Мальчишки расхохотались.
Тимур перебросил удочку правее, а Кузя снова принялся за свое.
– Тим, но ведь ради чего-то люди принимают наркотики? А? Я так, теоретически. Вот ведь писатели-фантасты откуда-то берут свои невероятные сюжеты, и режиссеры тоже… Мне кажется, что большинство из них наверняка наркоманы. Ради искусства…
– Не ради, а с жиру бесятся. Искурятся, изольются, изошляются… А потом все эти ложные гуманисты считают наркоманов больными людьми.
– А ты не считаешь?
– Нет, – спокойно ответил Тимур, – я считаю, что им надо ампутировать пальцы рук, чтобы они колоться не могли и таблетки жрать.
– Это не выход, – пожал плечами Кузя. – Некоторые инвалиды и ногами картины вышивают. И наркоманы колоться научатся.
– Тогда и ноги ампутировать, – буркнул Тимур.
– Кошмар, какой ты жестокий! Тебе бы все всем отрезать!
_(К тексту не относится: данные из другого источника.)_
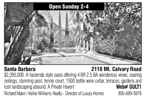Open Sunday 2-4 Santa Barbara 2110 Mt. Calvary Road $2,295,000. A hacienda style oasis offering 4 BR 2.5 BA wonderous views, soaring ceilings, stunning pool, tennis court, 1500 bottle wine cellar, terraces, gardens and lush landscaping abound. A Private Haven! Web# GULT1 Richard Mann / Keller Williams Realty - Director of Luxury Homes 805-689-5978 See also
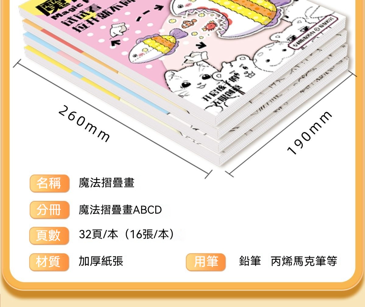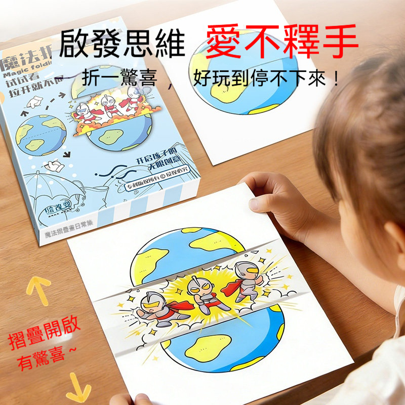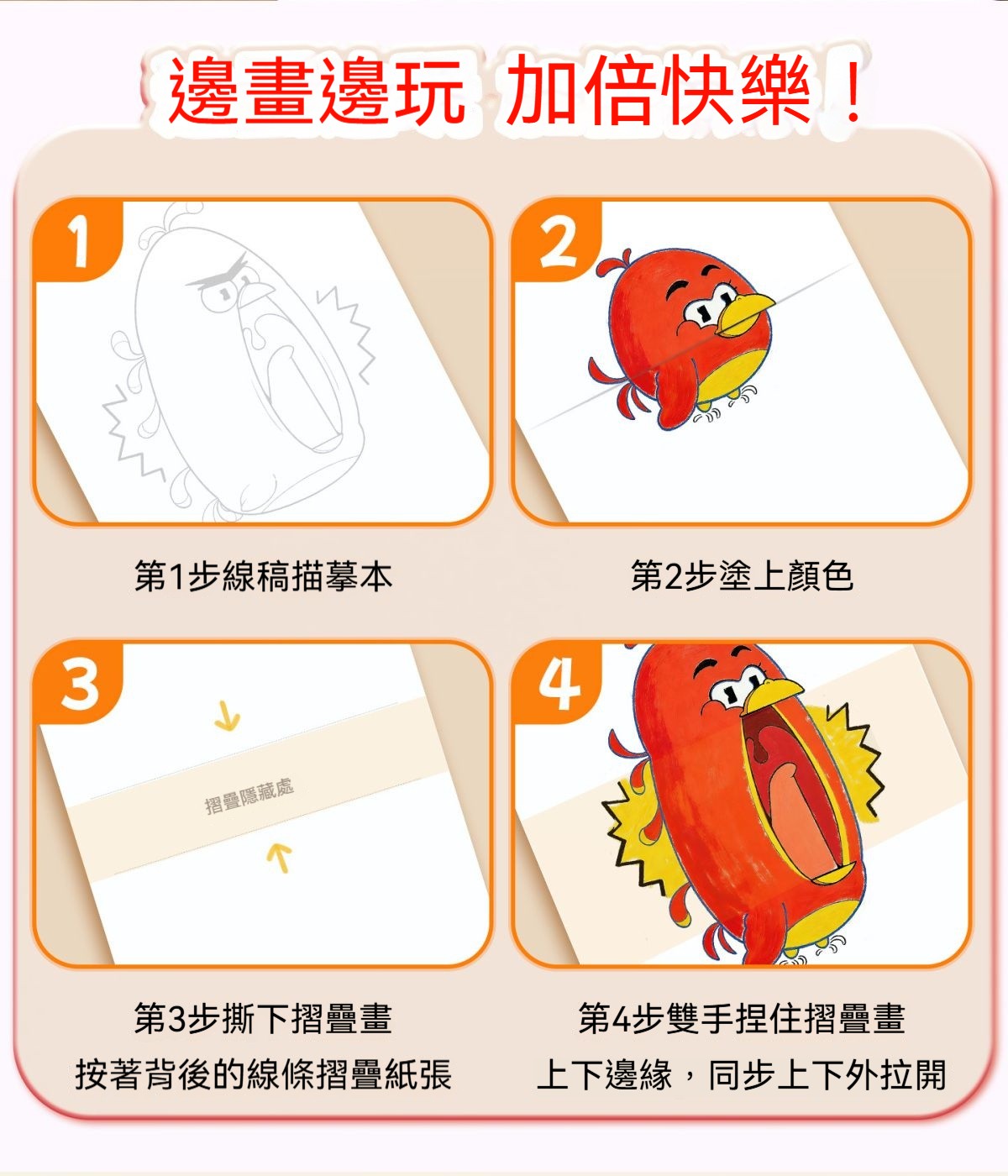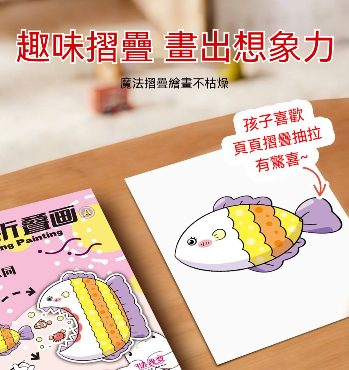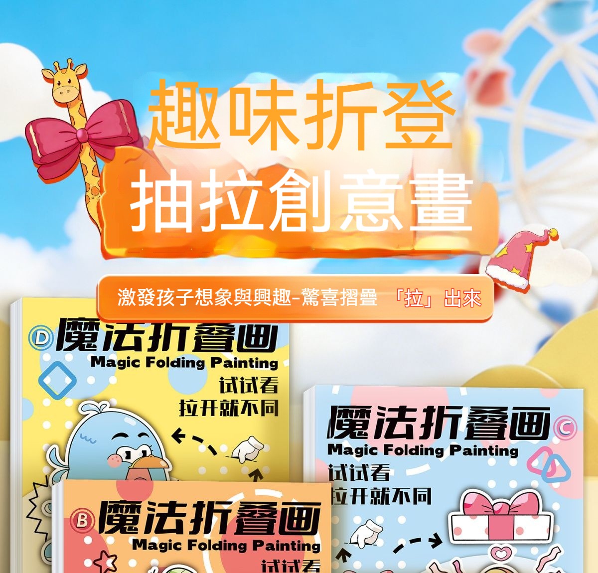 【魔法折疊繪畫本】以 隱藏式折頁設計+淺色描摹線,✨ 一拉展開驚喜畫面,讓創作變得超好玩!讓靜態塗鴉變成會「長大」、「變身」的動態故事,激發無窮想像力!✨

– Не все и не всем. Просто я считаю, что это не нормально, когда люди вечером на улицу выйти не могут, потому что, если какому-нибудь уроду на дозу не хватит, то он любого за рубль грохнет. Что, не так?
– Так, вообще-то, – вздохнул Кузя. – Но они ведь тоже люди.
– Они не люди. А если и так, то мне дороже мама, бабушка, дед, ты… И своих близких я готов защищать любыми способами. Так что, Кузь, ты даже из теоретического интереса этот вопрос не поднимай. Учти, начнешь пить или колоться – и ты для меня будешь не человек.
– Ты мне пальцы отрежешь?
– Язык я тебе отрежу! Смотри же, клюет у тебя!
Кузя поспешно дернул удочку. Ни рыбки, ни даже червя на крючке не было.
– Растяпа, – фыркнул Тимка, подавая ему банку с наживкой.
– А все-таки спросить бы у того, кого этот академик оперировал, как оно там, после смерти. И сравнить, из научных соображений, конечно, с рассказами наркоманов, научных фантастов и тех, кто клиническую смерть перенес. И сразу будет понятно, кто правду говорит, а кто врет. Хотел бы я увидеть и рассказать…
– Умрешь – расскажешь, – усмехнулся Тимур и аккуратно проткнул крючком розовое тело отчаянно извивавшегося червяка.